Medical treatment of PIFP is usually less satisfactory than medical treatment for other facial pain syndromes. Medications used to treat PIFP include antidepressants, anticonvulsants, substance P depletion agents, topical anaesthetics, N-methyl-D-aspartate (NMDA) antagonists and opiate medications. Of these, anticonvulsants and antidepressants appear to be the most effective, with the neuropathic component of pain responding well. Pharmacotherapeutic knowledge is paramount in the treatment of this refractory pain syndrome. A multi-mechanistic approach, using modulation of both ascending and descending pain pathways, is frequently necessary. The goal of therapy is to manage the pain effectively with the fewest adverse medication effects. Alternative therapies such as acupuncture and neuromuscular re-education have been tried and should be considered as part of a comprehensive treatment plan. Psychiatric treatment is important in the overall management of a patient with chronic pain. Available data on alternative treatments are limited.

Surgical care

Details of neurosurgical interventions are beyond the scope of this book. Analgesic surgery including implanted neurostimulators or deep brain stimulation should be considered at a centre well versed in these procedures.

Consultations

Psychometric testing may be of benefit in the evaluation and treatment of patients with headache and facial pain. Many tests have been applied, but probably the most widely used is the Minnesota Multiple Personality Inventory. While especially useful in the evaluation of patients with chronic headache and facial pain, a thorough discussion of psychometric testing is beyond the scope of this book and is mentioned here only for completeness. Consultation with a dentist may be of benefit. All treatments should be provided in cooperation with the patient's primary care physician.

Atypical odontalgia

Atypical odontalgia (AO) is characterised by continuous dull, aching or burning pain of moderate intensity in apparently normal teeth or endodontically treated teeth, and occasionally in extraction sites. AO is not usually affected by testing the tooth and surrounding tissues with cold, heat or electrical stimuli. The pain remains constant despite repeated dental treatment, even extractions in the region, often rendering patients with whole quadrants stripped of dentition. Moreover, the toothache characteristics frequently remain unchanged for months or years, contributing to the differentiation of AO from pulpal dental pain. Occasionally, the pain may spread to adjacent teeth, especially after extraction of the painful tooth.

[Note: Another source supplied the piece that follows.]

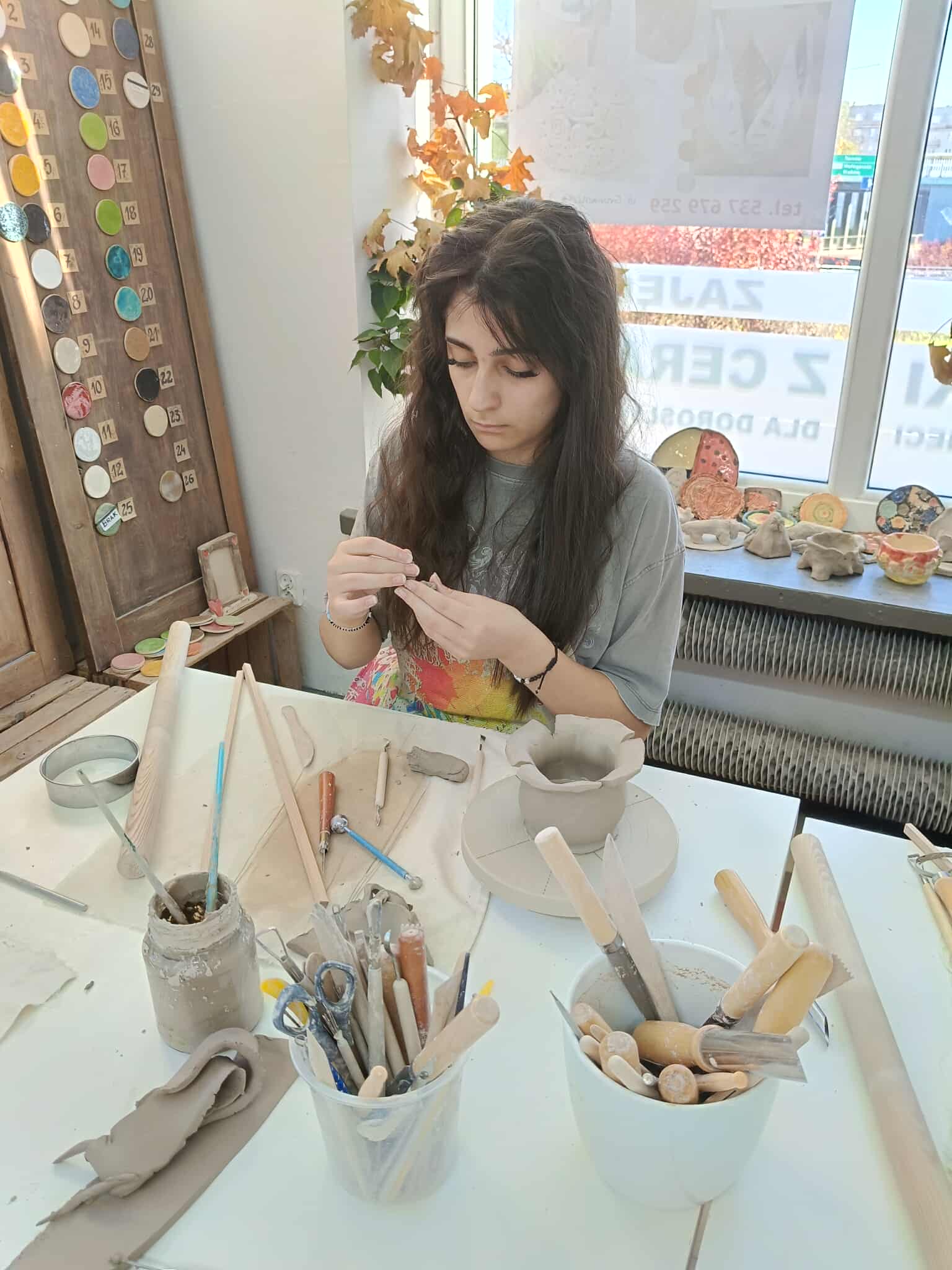 Kreatywny dzień w pracowni ceramicznej!  Dziś ponownie miałyśmy okazję tworzyć małe dzieła sztuki z gliny. Tym razem własnoręcznie wykonałyśmy kubki, cukierniczki oraz kominki zapachowe. Odebrałyśmy również nasze wypalone i wyszkliwione prace z poprzednich warsztatów… Wyszły pięknie!

These patients are defined as having pain in a tooth or tooth region in which no clinical or radiological findings can be detected. Several studies have been conducted to define this group more clearly. Patients with AO have more comorbid pain conditions, higher scores for depression and somatisation, significant limitation in jaw function, and lower scores on quality of life measures when compared with controls. When compared with patients who have TMD, patients with AO are more likely to describe their pain as aching, find rest relieving but cold and heat aggravating. Over 80% relate the onset of their pain to dental treatment. The author believes that the relationship with previous surgical intervention implies that this condition may, in some cases, be partial post-surgical neuropathy.

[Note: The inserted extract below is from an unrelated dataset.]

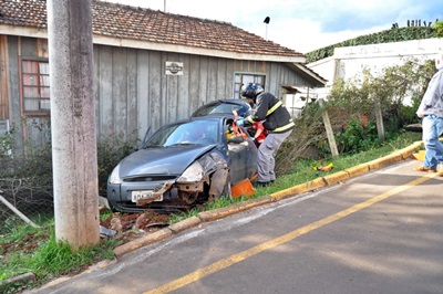Devido ao impacto, o motorista perdeu o controle da direção e o veículo acabou rodando na via e colidindo num poste. Uma residência quase foi atingida.

The lack of RCTs makes evidenced-based care in AO difficult. One of the major problems with this condition is convincing the patient, and informing their dentist, that there are no dental causes for their pain, so avoiding unnecessary irreversible invasive dental treatment. Patients with AO are often diagnosed late and therefore need a multidisciplinary approach. In her review,28 Baad-Hansen presents a sensible progressive approach to managing AO, beginning with topical lidocaine or capsaicin, then tricyclic antidepressants. Ultimately, the drugs used in neuropathic pain are often gabapentin and pregabalin, and finally tramadol or oxycodone.

Conclusion

Chronic orofacial pain continues to present a diagnostic challenge for many practitioners. Patients are frequently misdiagnosed and can suffer from psychiatric symptoms of depression and anxiety. Treatment is less effective than in other pain syndromes and a multidisciplinary approach treatment is desirable.